- _INPUT MATERIAL_:
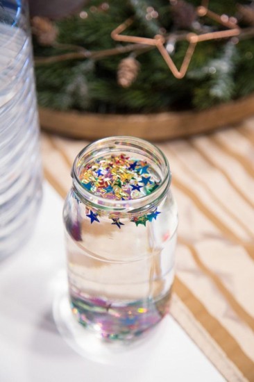 Before starting the process, first we wash and dry the glass jar well, because I'm sure you don't want it to leave a stain when the decoration is finished? After drying your jug, you can fill the jug with artificial snow as much as you like. In this section, you can decide the distance from the snow. Wouldn't it be nice if you put a miniature pine tree inside and a sleigh next to Santa Claus ...? You can create an atmosphere like snowing from the cover part with the help of fishing line and glue to make snowflakes as in the photo. When you use artificial snow, you don't need any additional glue, it just sticks where it touches. Later in this study, a little epson, bath salt, was also added on top of the snow. Necessary? Of course not, just a small detail of your preference :)
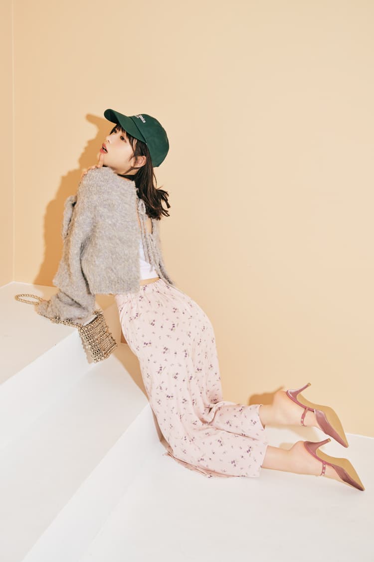 バックリボンカーデ 3,990円/WEGO 花柄スカート 8,778円/flower キャップ 2,090円/カシータ(R1000) ミニバッグ 9,900円/キャセリーニ ミュール 16,500円/ダイアナ(ダイアナ 銀座本店) 中に着たインナー/スタイリスト私物
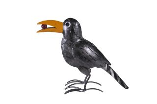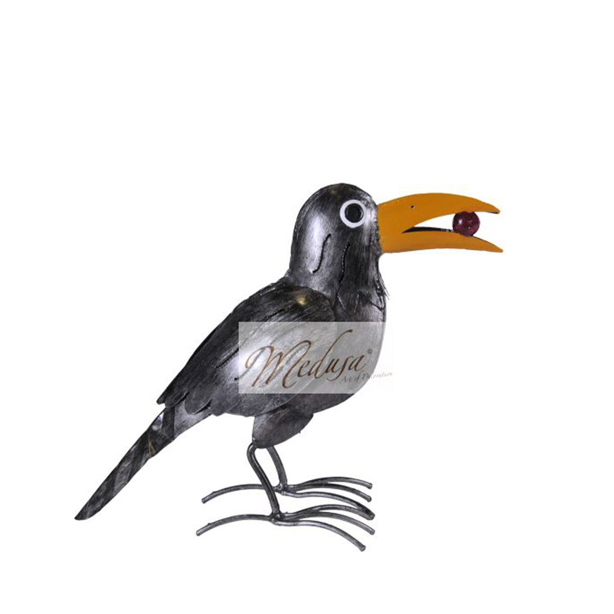 Deko Vogel Rabe, Metallrabe mit Beere, 27x32cm, Medusa
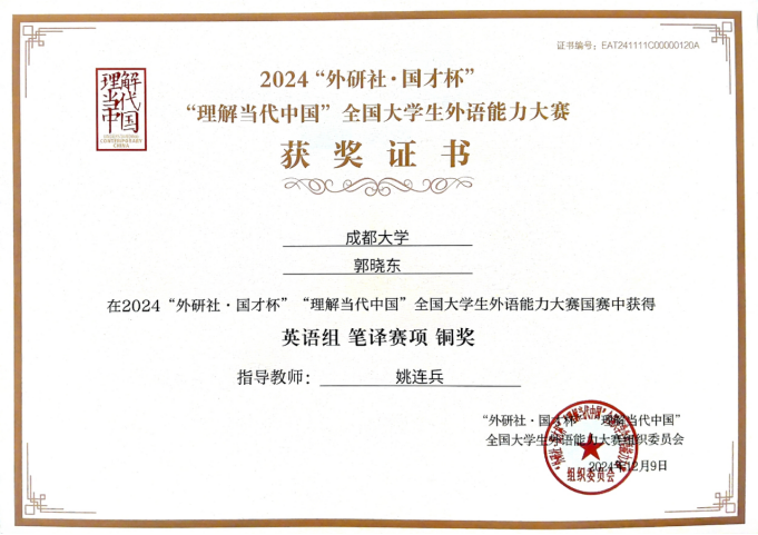 在"外研社·国才杯"全国笔译决赛现场,郭晓东以"Loong Spirit"重构中国龙叙事,贯通红山玉龙图腾与当代航天精神,用诗性译笔让青铜夔纹在英语世界舒展筋脉。这份斩获铜奖的答卷,印证着团队"文化自信先行"的教学哲学。正如指导老师姚连兵教授所言:"当文明基因在译文中跃动时,文字自会架起理解之桥。"
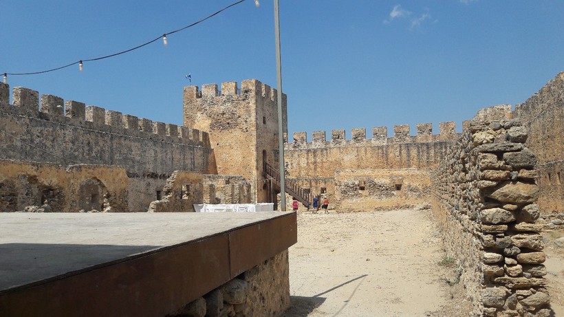 Далее мы снова перебрались на сторону Крита, омываемую Эгейским морем. Там мы посетили крепость Кулес, которой уже больше пяти веков. Честно говоря, смотреть там особо нечего. И 2 евро за вход внутрь тоже можно не платить. Все прекрасно видно, если обойти крепость по периметру снаружи. Это займет не более пяти минут.
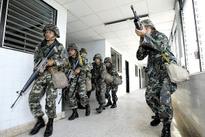 整個演習分為兩個階段進行。第一個階段是中級和高級軍官在指揮所里用電腦進行戰(zhàn)爭模擬,完全是虛擬世界的真實戰(zhàn)爭;第二個階段則是實兵演習,主要是演練特種部隊如何應對滲入后方的敵人。
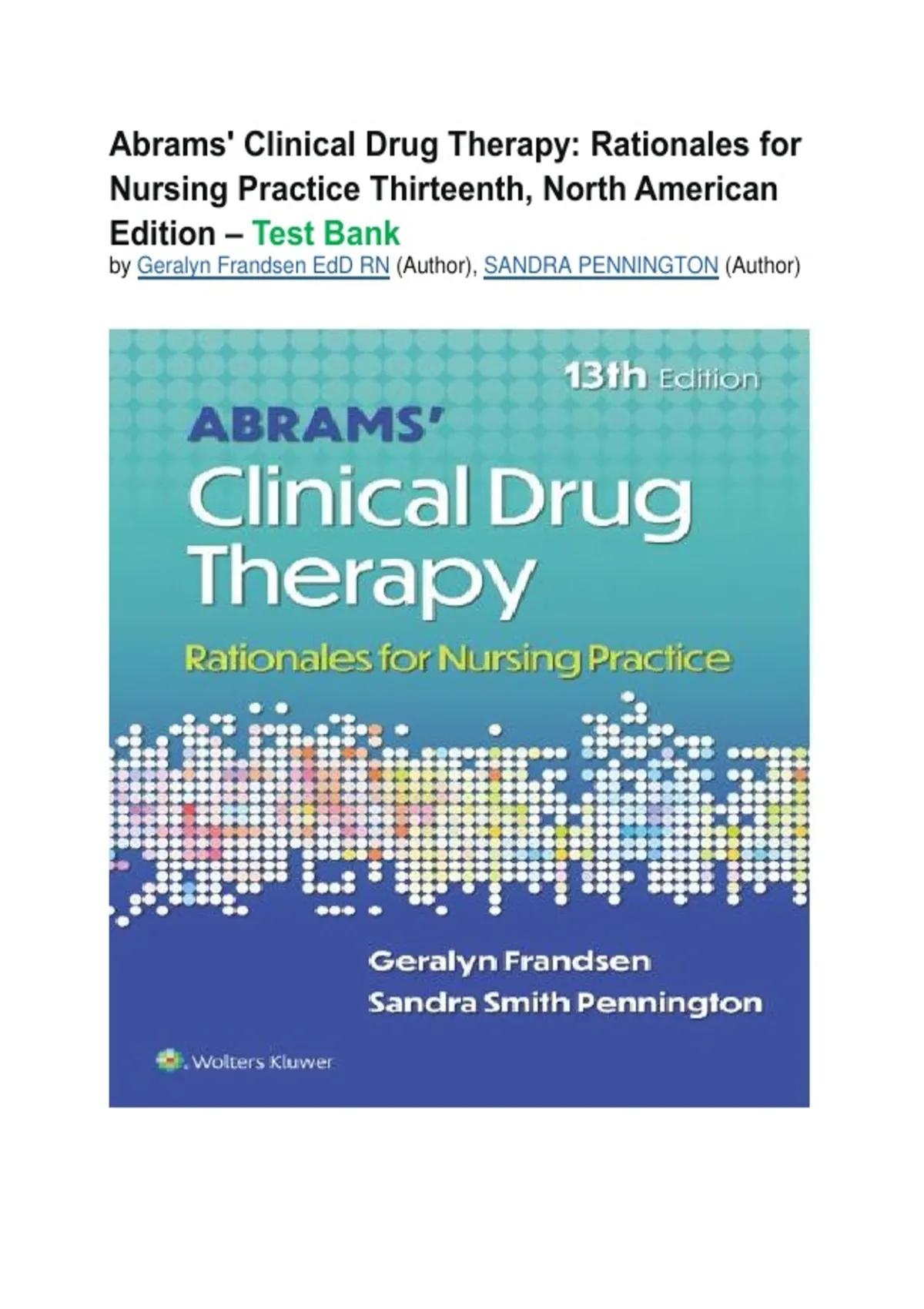 TEST BANK for Abrams' Clinical Drug Therapy: Rationales for Nursing Practice Thirteenth, North American Edition by (Frandsen, 2024) Newest Edition
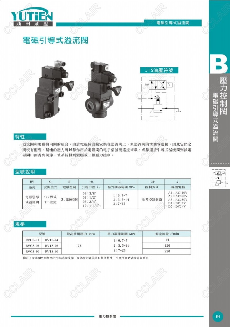 YUTIEN油田電磁引導(dǎo)式溢流閥RVGS-03,RVGS-06,RVGS-10,RVTS-03,RVTS-06,RVTS-10
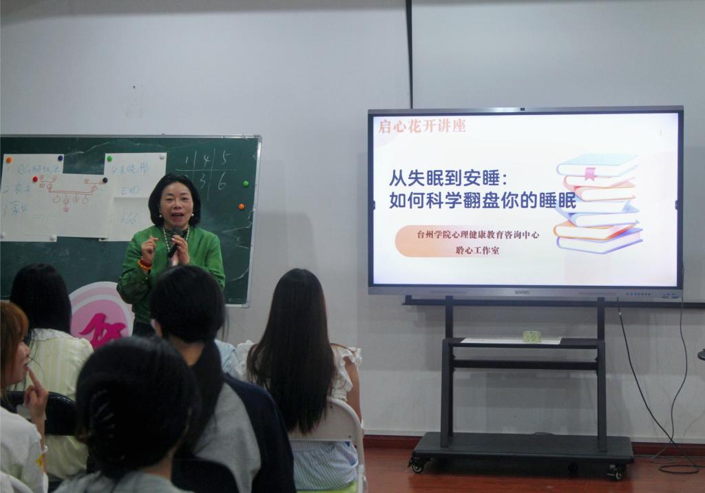 为普及科学睡眠知识,提升学生心理健康素养,5月13日,由台州学院心理健康教育与咨询中心主办、教师教育(体育)学院聆心工作室协办的“启心花开——从失眠到安睡:如何科学翻盘你的睡眠”主题讲座在学生活动中心202成功举行。本次活动特邀校心理健康教育咨询中心金彩云老师担任主讲,30余名学院学生参与讲座。

- _THE PROBLEM_:
Repeat all the records above exactly, leaving out any pictures.

- _FINISHED TASK_:
 Before starting the process, first we wash and dry the glass jar well, because I'm sure you don't want it to leave a stain when the decoration is finished? After drying your jug, you can fill the jug with artificial snow as much as you like. In this section, you can decide the distance from the snow. Wouldn't it be nice if you put a miniature pine tree inside and a sleigh next to Santa Claus ...? You can create an atmosphere like snowing from the cover part with the help of fishing line and glue to make snowflakes as in the photo. When you use artificial snow, you don't need any additional glue, it just sticks where it touches. Later in this study, a little epson, bath salt, was also added on top of the snow. Necessary? Of course not, just a small detail of your preference :)
 バックリボンカーデ 3,990円/WEGO 花柄スカート 8,778円/flower キャップ 2,090円/カシータ(R1000) ミニバッグ 9,900円/キャセリーニ ミュール 16,500円/ダイアナ(ダイアナ 銀座本店) 中に着たインナー/スタイリスト私物
 Deko Vogel Rabe, Metallrabe mit Beere, 27x32cm, Medusa
 在"外研社·国才杯"全国笔译决赛现场,郭晓东以"Loong Spirit"重构中国龙叙事,贯通红山玉龙图腾与当代航天精神,用诗性译笔让青铜夔纹在英语世界舒展筋脉。这份斩获铜奖的答卷,印证着团队"文化自信先行"的教学哲学。正如指导老师姚连兵教授所言:"当文明基因在译文中跃动时,文字自会架起理解之桥。"
 Далее мы снова перебрались на сторону Крита, омываемую Эгейским морем. Там мы посетили крепость Кулес, которой уже больше пяти веков. Честно говоря, смотреть там особо нечего. И 2 евро за вход внутрь тоже можно не платить. Все прекрасно видно, если обойти крепость по периметру снаружи. Это займет не более пяти минут.
 整個演習分為兩個階段進行。第一個階段是中級和高級軍官在指揮所里用電腦進行戰(zhàn)爭模擬,完全是虛擬世界的真實戰(zhàn)爭;第二個階段則是實兵演習,主要是演練特種部隊如何應對滲入后方的敵人。
 TEST BANK for Abrams' Clinical Drug Therapy: Rationales for Nursing Practice Thirteenth, North American Edition by (Frandsen, 2024) Newest Edition
 YUTIEN油田電磁引導(dǎo)式溢流閥RVGS-03,RVGS-06,RVGS-10,RVTS-03,RVTS-06,RVTS-10
 为普及科学睡眠知识,提升学生心理健康素养,5月13日,由台州学院心理健康教育与咨询中心主办、教师教育(体育)学院聆心工作室协办的“启心花开——从失眠到安睡:如何科学翻盘你的睡眠”主题讲座在学生活动中心202成功举行。本次活动特邀校心理健康教育咨询中心金彩云老师担任主讲,30余名学院学生参与讲座。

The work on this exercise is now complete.